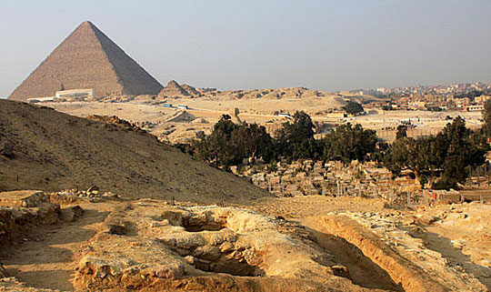 图为胡夫金字塔附近发现的工人墓穴。
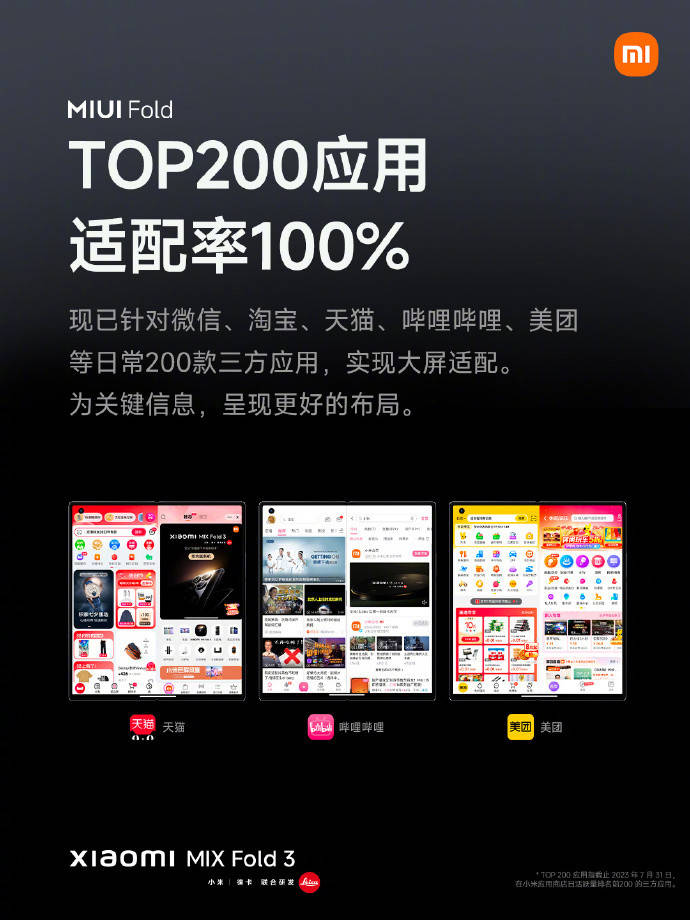 这一次MIUI系统与200个头部应用进行了100%适配,让用户在日常的使用感受中都可以体验大屏幕带来的完整体验。除了这些应用外,针对一些银行App等冷门应用,小米MIX Fold 3还有着自适应引擎,布局合理,可以在手机上展示更多有效信息,防止App的暴力拉伸。
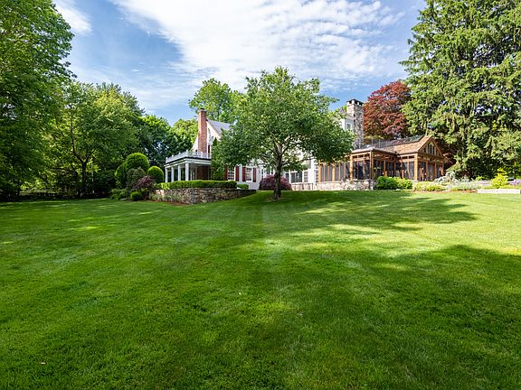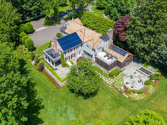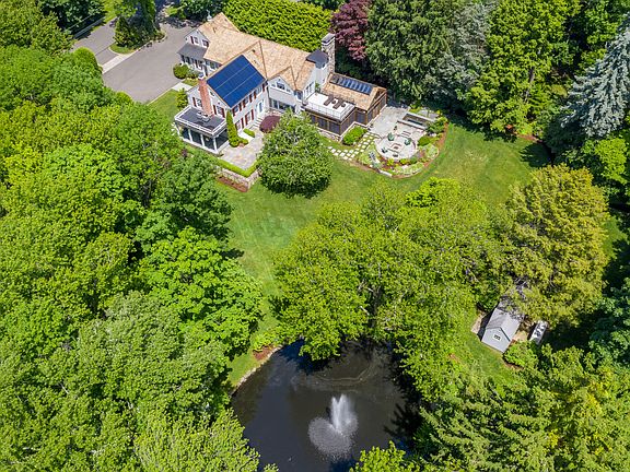 Located in one of Darien's most coveted neighborhoods, this renovated and expanded custom home is sited on a bucolic and picturesque 1.3 acre parcel. The intentionally understated approach unfolds to just under 8000 sq ft of striking architectural details and thoughtfully designed indoor and outdoor living spaces for family gatherings and gracious entertaining. Highlights of this 5 bedroom, 5 full & 4 half bath home include: a generously proportioned chef's kitchen with concealed appliances and butler's pantry; two offices; a stunning 3-season screened-in porch with cathedral ceiling, clerestory windows, stone fireplace and radiant heated limestone floor; lower level media room with cowhide acoustic panels and mini kitchen; dramatic wine cellar with imported French limestone racking and adjacent tasting room with handsome leather paneling and flooring; private au pair/guest suite w/separate laundry; 4-story elevator; new HVAC system 6/2020; whole house/property generator; Crestron and Lutron Systems. The professionally landscaped property takes advantage of the gently sloping lawn and view of the stream-fed pond with fountain. The terraced bluestone patio, an extension of the porch, includes radiant heated pathways, a plunge pool/spa, masonry fire-pit, and an exterior 1/2 bath. Move in and enjoy the summer at this exceptional home on beloved Saint Nicholas Road!
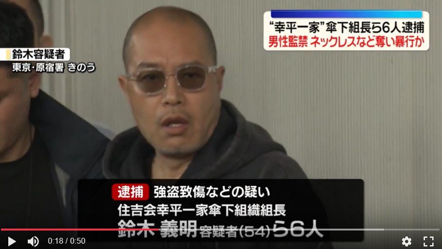 住吉会幸平一家鈴木組組長の鈴木義明ら6人を監禁と強盗致傷の容疑で逮捕。
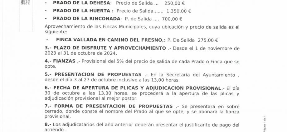 Subasta del aprovechamiento de pastos y fincas municipales 2023/2024
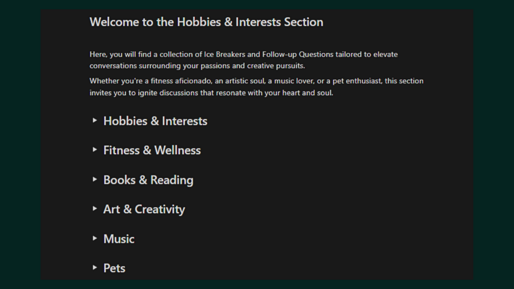 Spark engaging discussions with ease by tapping into common hobbies and interests.
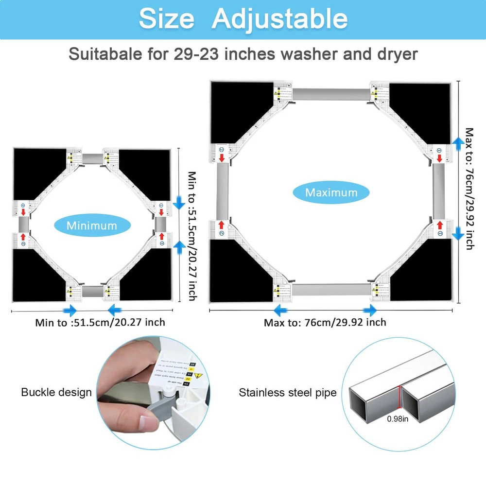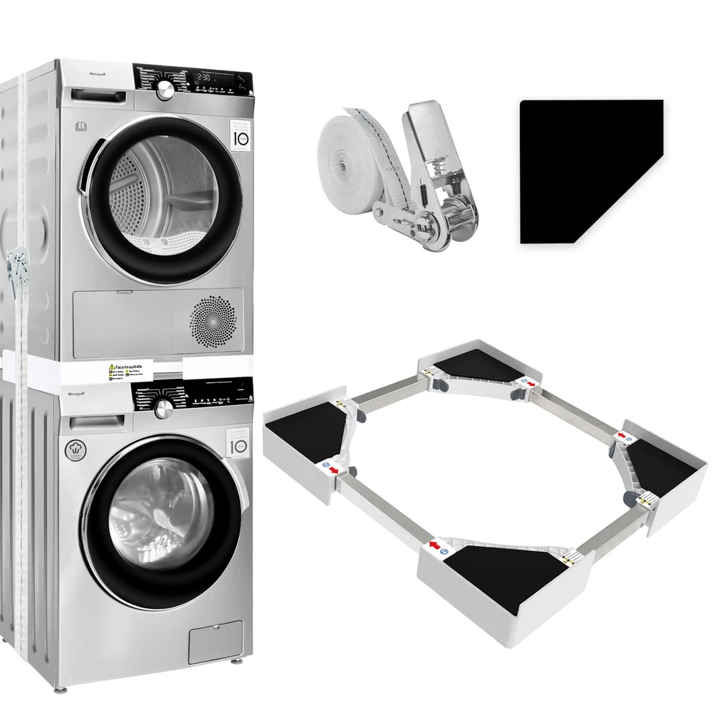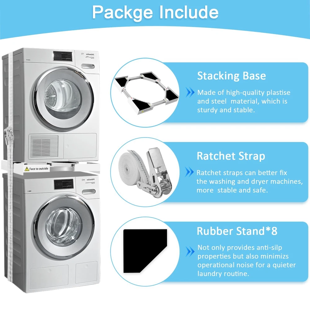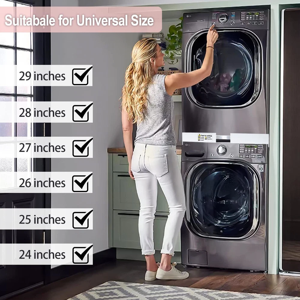 Stacking kit Applicatons: This washing machine stacking kit be used to help you install the dryer on the top of your washing machine, which greatly saves your storage space, making your living space more tidy Universally Applicable: Adjustable Staking kit for more different size washer/dryer machine, universal for 29"/28"/27"/26"/25"/24" washer/dryer, max to the 76 x 76 cm/29" x 29"(W x D). Please notice before ordering Premium Quality: 29 inch Stacking Kit for Washing Machine and Dryer is made of high-quality plastic and steel substance, which is sturdy and stable, sturdy, anti-corrosion, anti-rust with a long service life Easy to Use: No hardware or tools required, just take 5 minutes to the instructions to install. Finally put the dryer on top of the washing machine and then fix it with ratchet straps and you can enjoy a comfortable life Brands: Stacking Kit for Washer and Dryer is the perfect size for a wide range of washing machines. Include, Whirlpool, GE, Samsung, LG, Frigidaire, Bosch, Maytag, Kenmore, Electrolux, Amana, Crosley and Admiral

-- -- --

Your output should be only the lines from the line with "住吉会幸平一家鈴木組組長の鈴木義明ら6人を監禁と強盗致傷の容疑で逮捕。" through the end of the data, exactly as they stand, and no pictures.

 住吉会幸平一家鈴木組組長の鈴木義明ら6人を監禁と強盗致傷の容疑で逮捕。
 Subasta del aprovechamiento de pastos y fincas municipales 2023/2024
 Spark engaging discussions with ease by tapping into common hobbies and interests.
 Stacking kit Applicatons: This washing machine stacking kit be used to help you install the dryer on the top of your washing machine, which greatly saves your storage space, making your living space more tidy Universally Applicable: Adjustable Staking kit for more different size washer/dryer machine, universal for 29"/28"/27"/26"/25"/24" washer/dryer, max to the 76 x 76 cm/29" x 29"(W x D). Please notice before ordering Premium Quality: 29 inch Stacking Kit for Washing Machine and Dryer is made of high-quality plastic and steel substance, which is sturdy and stable, sturdy, anti-corrosion, anti-rust with a long service life Easy to Use: No hardware or tools required, just take 5 minutes to the instructions to install. Finally put the dryer on top of the washing machine and then fix it with ratchet straps and you can enjoy a comfortable life Brands: Stacking Kit for Washer and Dryer is the perfect size for a wide range of washing machines. Include, Whirlpool, GE, Samsung, LG, Frigidaire, Bosch, Maytag, Kenmore, Electrolux, Amana, Crosley and Admiral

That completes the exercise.